BEGIN PROVIDED RECORDS

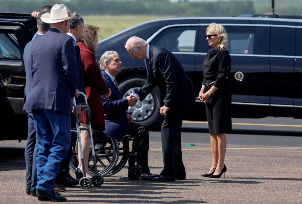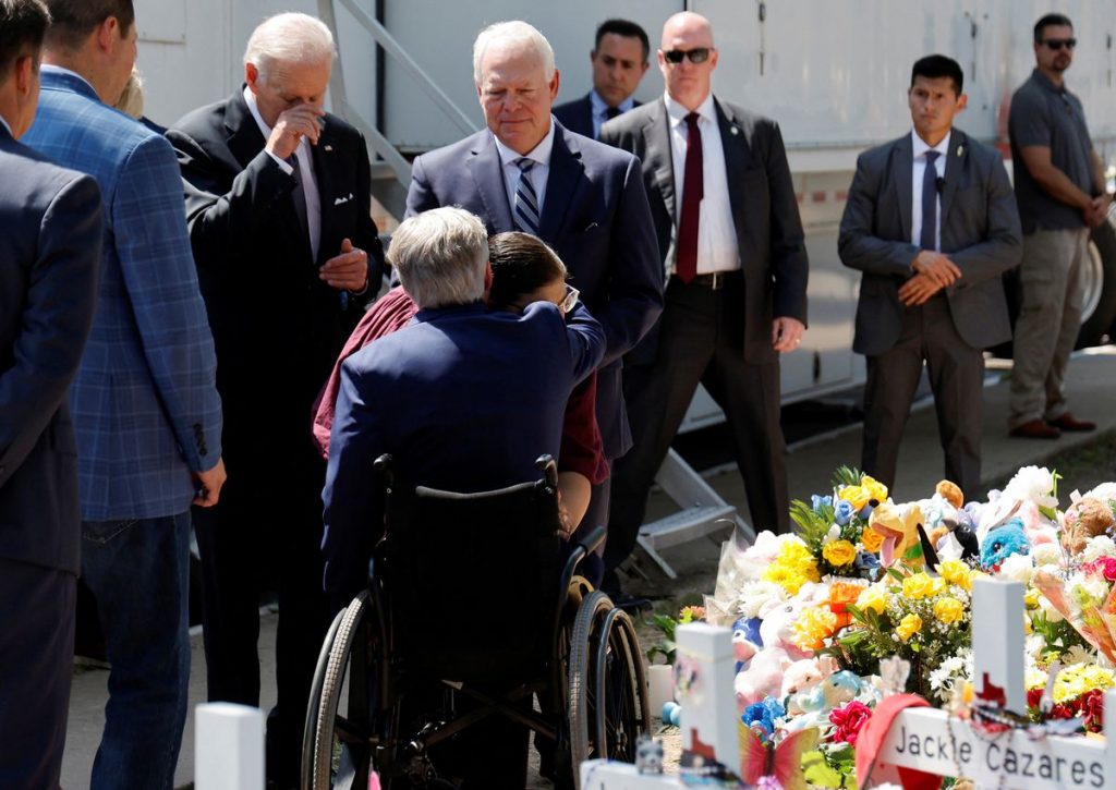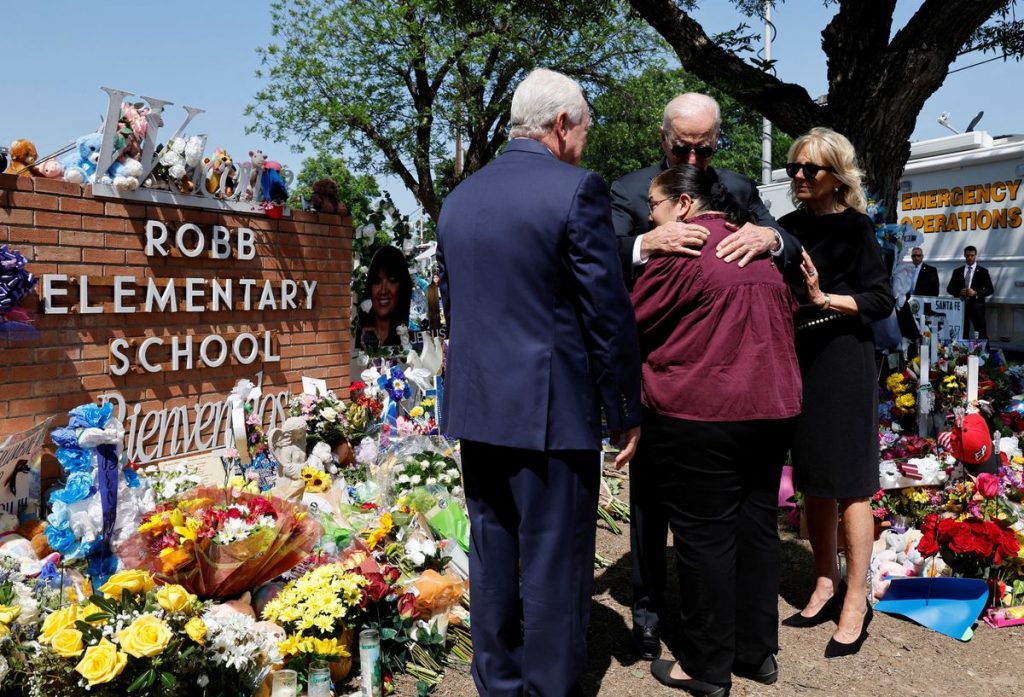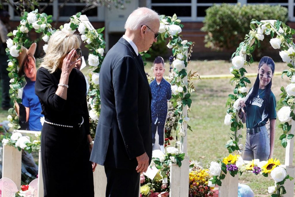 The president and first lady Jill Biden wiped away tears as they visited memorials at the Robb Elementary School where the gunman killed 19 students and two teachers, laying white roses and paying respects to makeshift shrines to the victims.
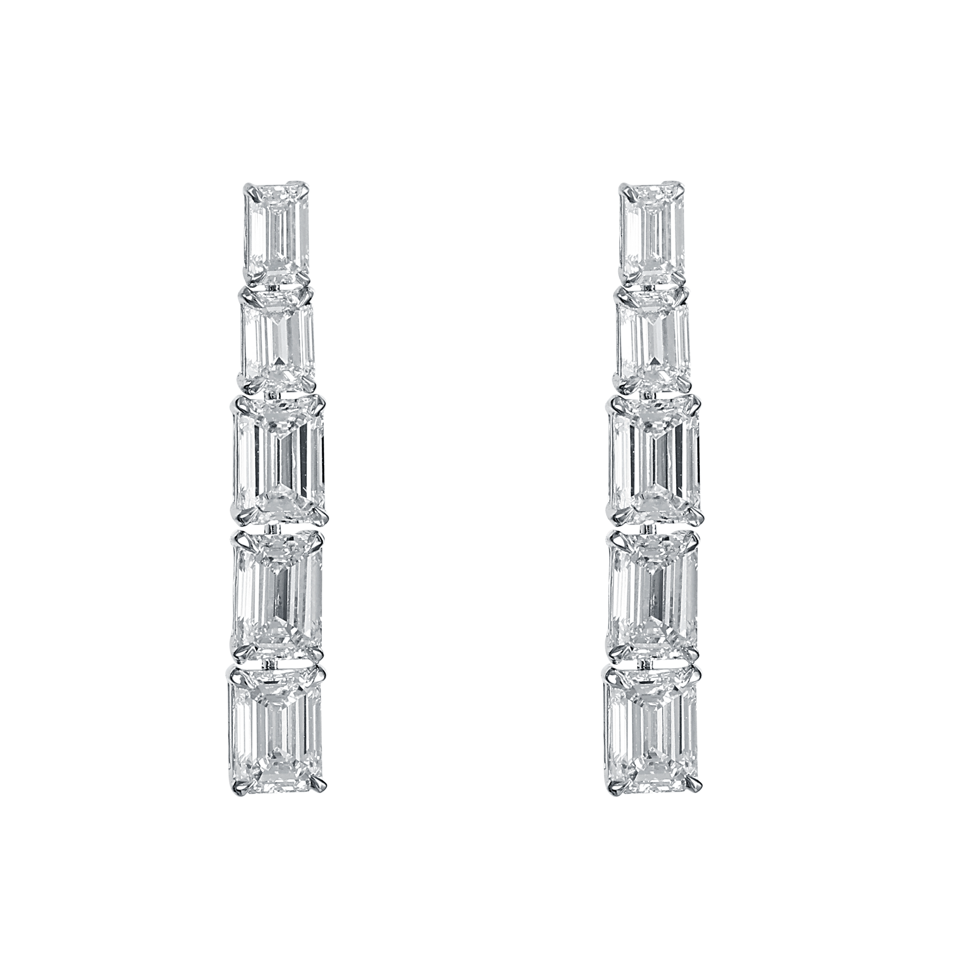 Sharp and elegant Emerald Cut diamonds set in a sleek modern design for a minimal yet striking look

END PROVIDED RECORDS
BEGIN PROVIDED RECORDS

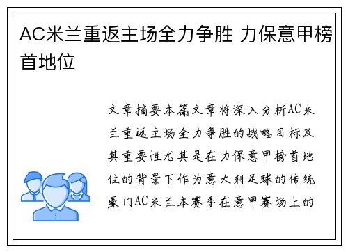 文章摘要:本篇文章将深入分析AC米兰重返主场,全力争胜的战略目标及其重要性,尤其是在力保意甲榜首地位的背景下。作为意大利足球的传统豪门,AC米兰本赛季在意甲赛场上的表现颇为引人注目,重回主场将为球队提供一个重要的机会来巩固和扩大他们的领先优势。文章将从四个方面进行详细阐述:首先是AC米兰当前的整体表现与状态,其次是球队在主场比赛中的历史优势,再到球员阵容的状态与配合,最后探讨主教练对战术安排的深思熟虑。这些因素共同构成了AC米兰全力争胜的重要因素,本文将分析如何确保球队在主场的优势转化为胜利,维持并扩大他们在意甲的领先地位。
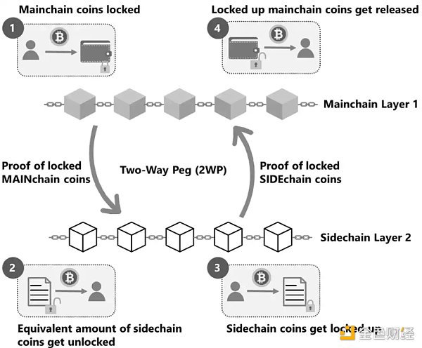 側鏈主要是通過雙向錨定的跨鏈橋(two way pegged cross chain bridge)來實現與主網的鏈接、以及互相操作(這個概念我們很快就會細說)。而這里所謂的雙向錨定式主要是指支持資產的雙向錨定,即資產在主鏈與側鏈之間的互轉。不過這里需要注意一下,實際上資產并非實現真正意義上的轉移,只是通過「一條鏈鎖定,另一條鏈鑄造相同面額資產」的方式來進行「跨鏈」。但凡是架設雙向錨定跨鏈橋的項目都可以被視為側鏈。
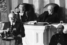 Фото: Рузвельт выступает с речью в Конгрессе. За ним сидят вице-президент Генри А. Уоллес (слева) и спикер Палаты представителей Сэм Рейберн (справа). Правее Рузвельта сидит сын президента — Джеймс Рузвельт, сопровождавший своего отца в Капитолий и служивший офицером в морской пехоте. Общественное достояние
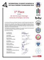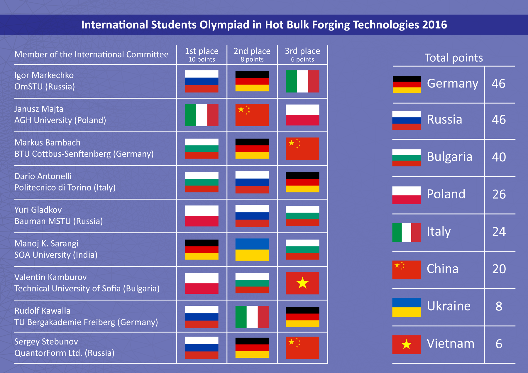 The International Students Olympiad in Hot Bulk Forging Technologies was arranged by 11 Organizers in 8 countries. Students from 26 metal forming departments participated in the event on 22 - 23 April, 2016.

END PROVIDED RECORDS

# EXERCISE PROMPT
Word for word, repeat the lines above from the one with "Фото: Рузвельт выступает" through the one with "The International Students", and nothing beyond them. Omit the pictures.

# WORKED SOLUTION
 Фото: Рузвельт выступает с речью в Конгрессе. За ним сидят вице-президент Генри А. Уоллес (слева) и спикер Палаты представителей Сэм Рейберн (справа). Правее Рузвельта сидит сын президента — Джеймс Рузвельт, сопровождавший своего отца в Капитолий и служивший офицером в морской пехоте. Общественное достояние
 The International Students Olympiad in Hot Bulk Forging Technologies was arranged by 11 Organizers in 8 countries. Students from 26 metal forming departments participated in the event on 22 - 23 April, 2016.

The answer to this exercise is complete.